[DATA FOR REVIEW — start]
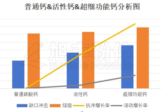 以下為經(jīng)過改性后超細功能碳酸鈣與普通碳酸鈣和活性鈣的力學性能差異性,超細功能碳酸鈣在抗沖性能與流動性方面相比普通碳酸鈣有明顯優(yōu)勢。在滿足性能的前提下,可減少配方體系中POE添加量,降低配方綜合成本。
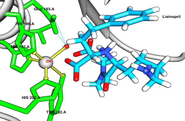 Fig. 4: Predicted molecular docking pictures with Inorganic substances of EDTA and Lisinopril
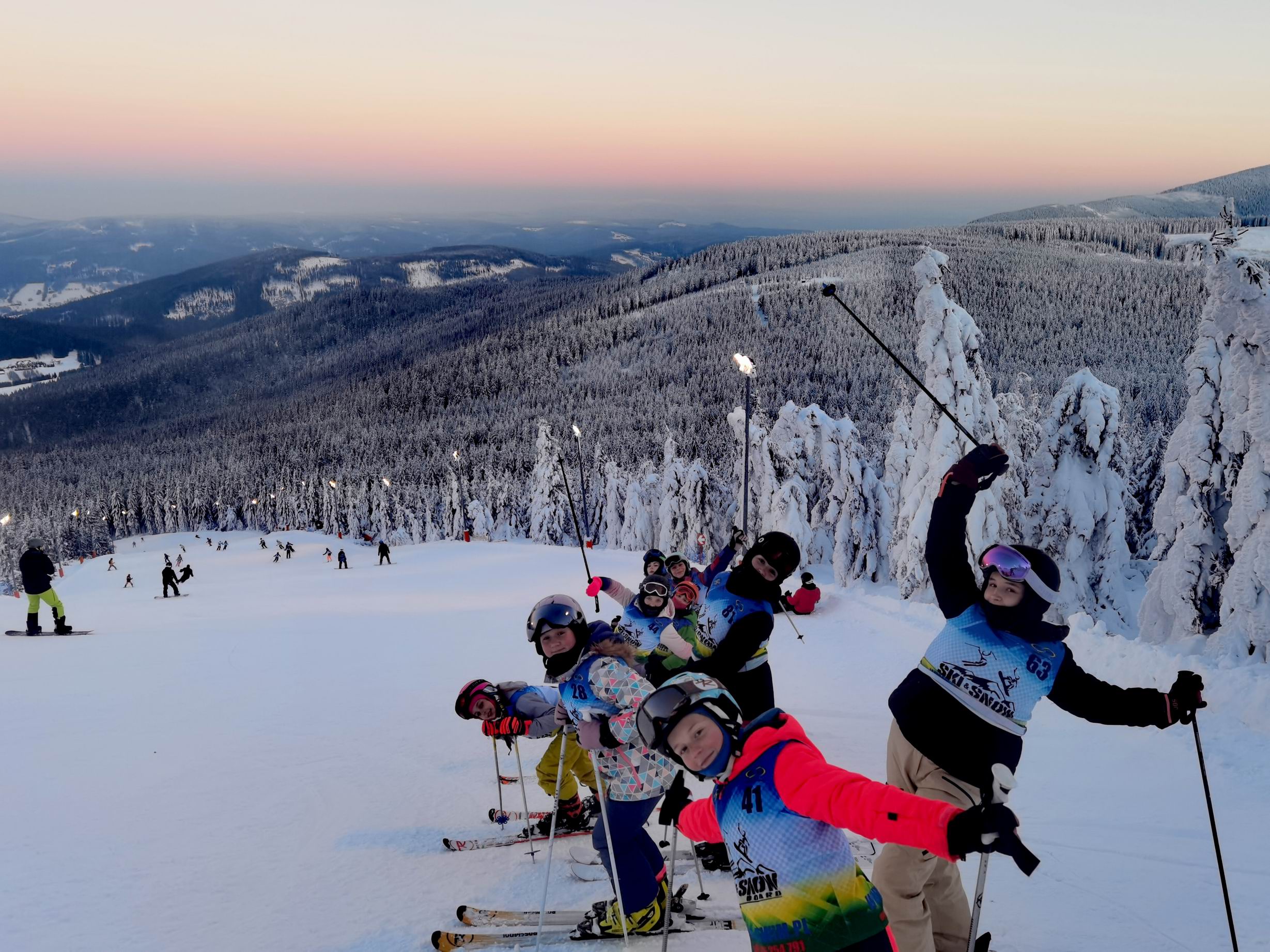 – popołudniowo-wieczorny: luźniejszy czas na stoku pod okiem instruktorów, jazda dowolna, formy zabawowe z wykorzystaniem elementów szkoleniowych
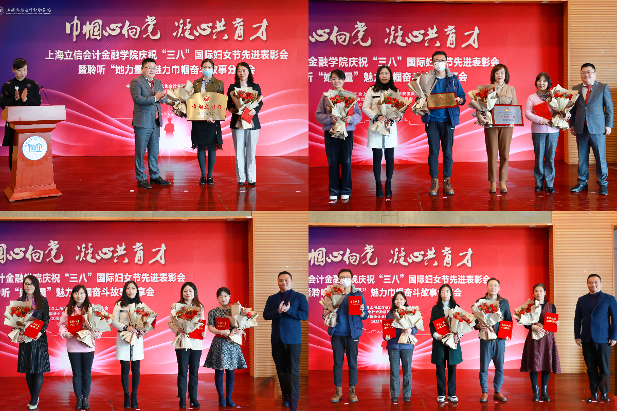 会上,校工会常委、女工委副主任王婧宣读表彰名单。文选才为荣获上海市三八红旗手、上海市及教育系统巾帼文明岗、上海市教育系统三八红旗手(集体)、上海市教育系统最美家庭和比翼双飞模范佳侣提名奖的获奖个人和集体颁奖。校工会常务副主席孙翼为荣获上海立信会计金融学院三八红旗手(集体)颁奖。
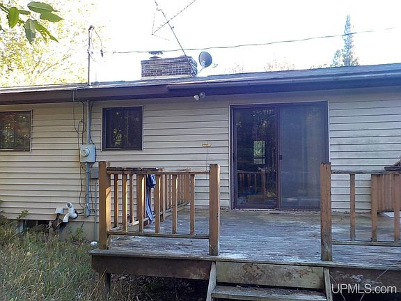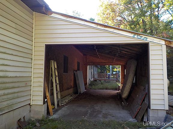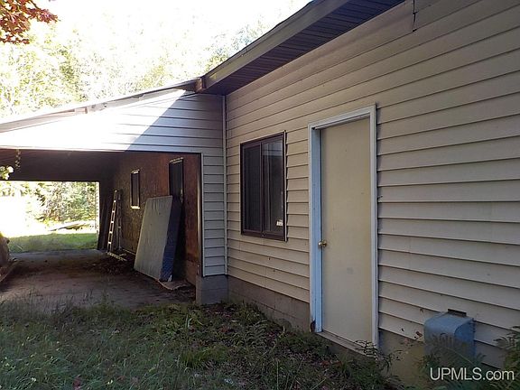 Looking for a project with tons of potential? Check out this 3 bedroom 2.5 bath ranch style home set on almost 4 acres that boarders Michigamme Reservoir lands. Property is in need of a clean-out and needs updates and is priced accordingly. Vinyl sided Dickinson home with brick detailing set on a full block basement. 24x32 attached garage plus a third stall for extra storage. There is also a lean-to off the back of the garage. Nice private setting that backs up to the woods with border access to WE Energies lands and the Michigamme Reservoir. Spacious breezeway between the house and garage leads to a main floor laundry area and half bath. Kitchen is open to the dining area. Living room has cathedral ceilings and a brick fireplace. Down the hallway you will find 3 bedrooms and a full bath. Basement was at one time finished but had a water issue years back. Water damage and mold will most likely require it to be gutted. There is a newer furnace and an on-demand water heater in the basement along with a 3/4 bath. Property has not been lived in recently and is being sold in AS IS condition.
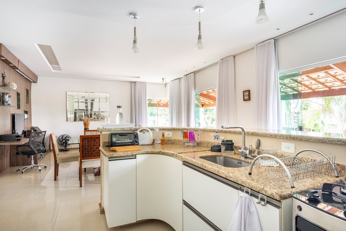 Velika i udobna kuća u ograđenoj zajednici u Lagoa Santi. Ima 400 m² izgrađeno na prostranoj parceli od 1.400 m², sa integrisanim sobama, kompletno opremljenom kuhinjom sa ostrvom i gurmanskim prostorom. Predivan spoljni prostor sa bazenom sa hidromasažnom kadom, pergolom i jezerom sa ribama. Uređenje prostora je zaista impresivno! ✨️ Imamo 4 spavaće sobe (1 master apartman sa hidromasažnom kadom, 1 apartman i 2 polu-apartmana), TV sobu i radni prostor. Cijela i ekskluzivna kuća.
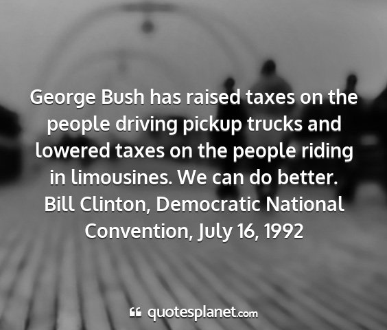 George Bush has raised taxes on the people driving pickup trucks and lowered taxes on the people riding in limousines. We can do better.Bill Clinton, Democratic National Convention, July 16, 1992
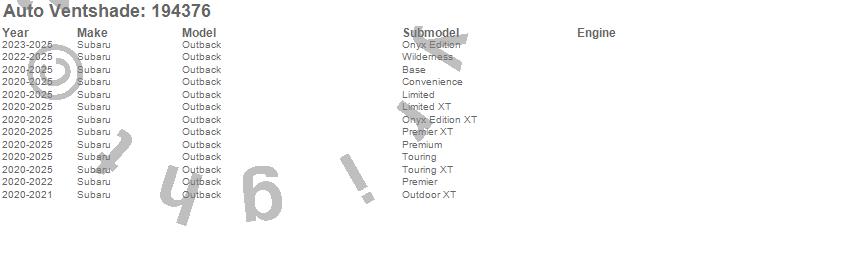 Below is an abbreviated list of applications for the Ventvisor In-Channel Deflector 4 pc..Outback, Subaru, 2025, 2024, 2023, 2022, 2021, 2020
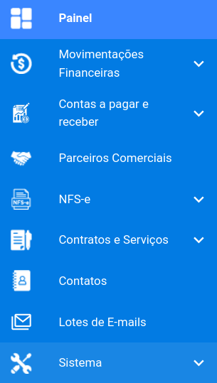 O menu é montado de acordo com os recursos disponíveis para organização financeira pessoal ou empresarial e possibilita o acesso à todas as funcionalidades do sistema através dos menus ou submenus.
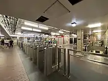 The TTC is constructing a second entrance at College Station to open in Q4 2023. The second entrance will be south of the main entrance, and riders will be able to access it from the basement level of the College Park building. The second entrance will have a concourse level under Yonge Street with Presto fare gates, and an elevator and a staircase to each of the north- and southbound platforms. Riders can use the College Park elevators from street level and a passage to reach the new concourse where riders use either a short staircase or a ramp to enter the concourse.[4][5]
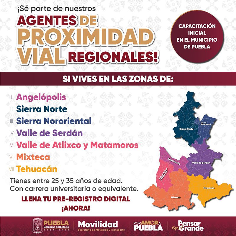 El gobierno humanista encabezado por el mandatario Alejandro Armenta, a través de la Secretaría de Movilidad y Transporte (SMT), convoca a las y los interesados de las regiones de la Sierra Norte, Sierra Nororiental, Valle de Serdán, Angelópolis, Valle de Atlixco y Matamoros, Mixteca y Tehuacán a integrarse como Agentes de Proximidad Vial al interior del estado.
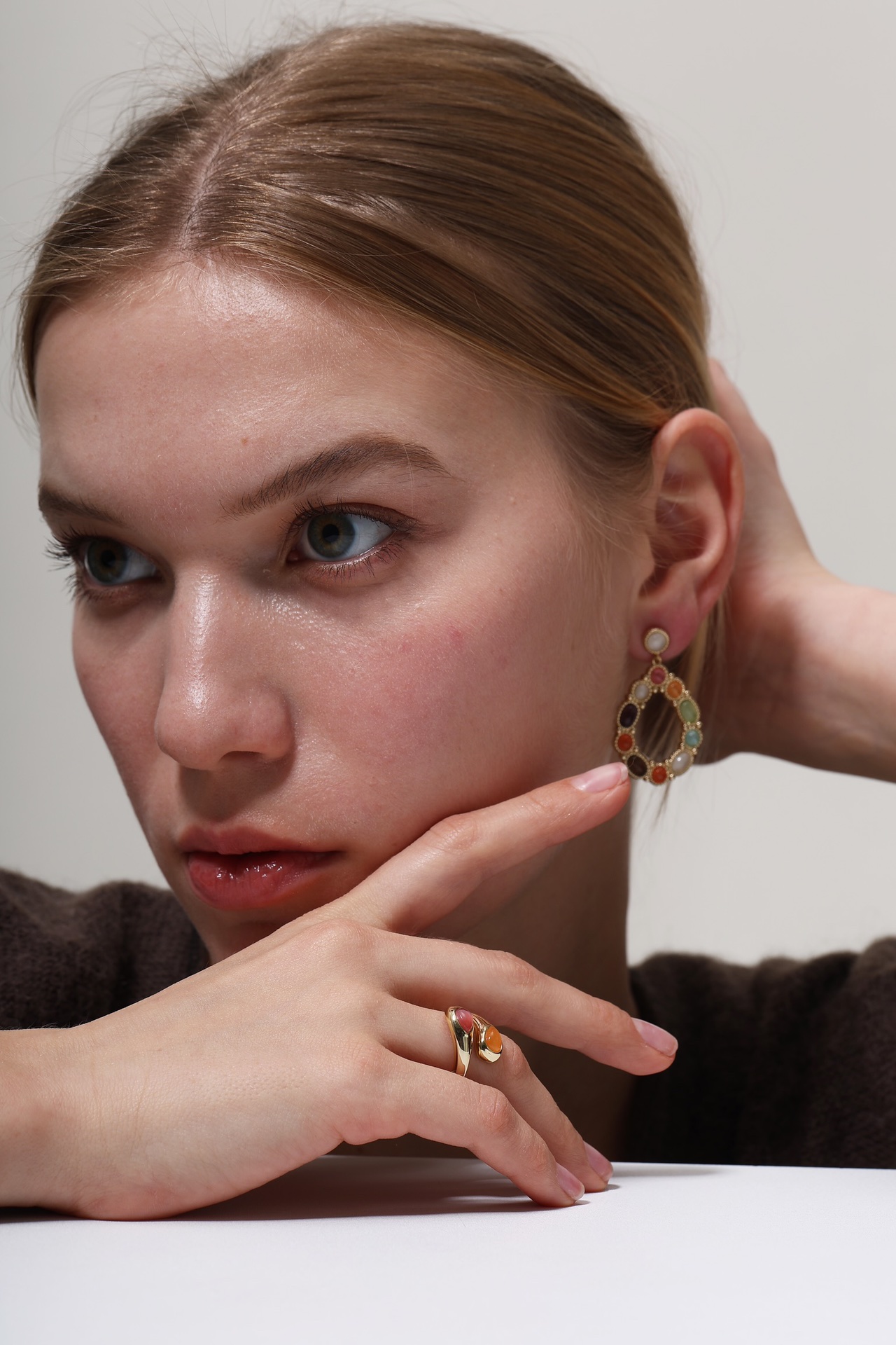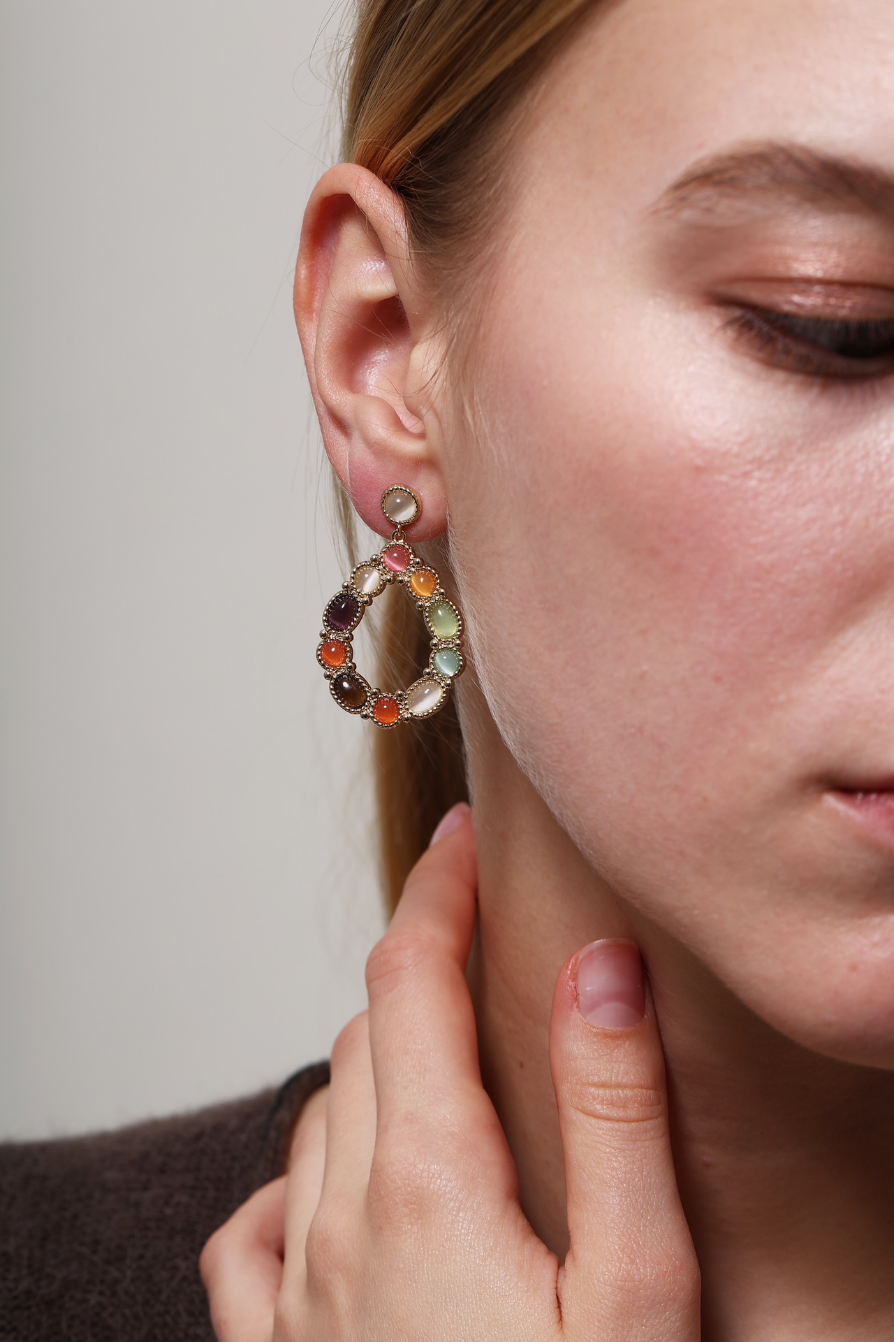 SOL DE VERANO 红墙系列天然猫眼石耳环
[DATA FOR REVIEW — finish]
WORK REQUEST: In the answer, give only the lines from the top of the data above through the line with "会上,校工会常委、女工委副主", reproduced exactly; no picture may appear.

YOUR RESPONSE:
 以下為經(jīng)過改性后超細功能碳酸鈣與普通碳酸鈣和活性鈣的力學性能差異性,超細功能碳酸鈣在抗沖性能與流動性方面相比普通碳酸鈣有明顯優(yōu)勢。在滿足性能的前提下,可減少配方體系中POE添加量,降低配方綜合成本。
 Fig. 4: Predicted molecular docking pictures with Inorganic substances of EDTA and Lisinopril
 – popołudniowo-wieczorny: luźniejszy czas na stoku pod okiem instruktorów, jazda dowolna, formy zabawowe z wykorzystaniem elementów szkoleniowych
 会上,校工会常委、女工委副主任王婧宣读表彰名单。文选才为荣获上海市三八红旗手、上海市及教育系统巾帼文明岗、上海市教育系统三八红旗手(集体)、上海市教育系统最美家庭和比翼双飞模范佳侣提名奖的获奖个人和集体颁奖。校工会常务副主席孙翼为荣获上海立信会计金融学院三八红旗手(集体)颁奖。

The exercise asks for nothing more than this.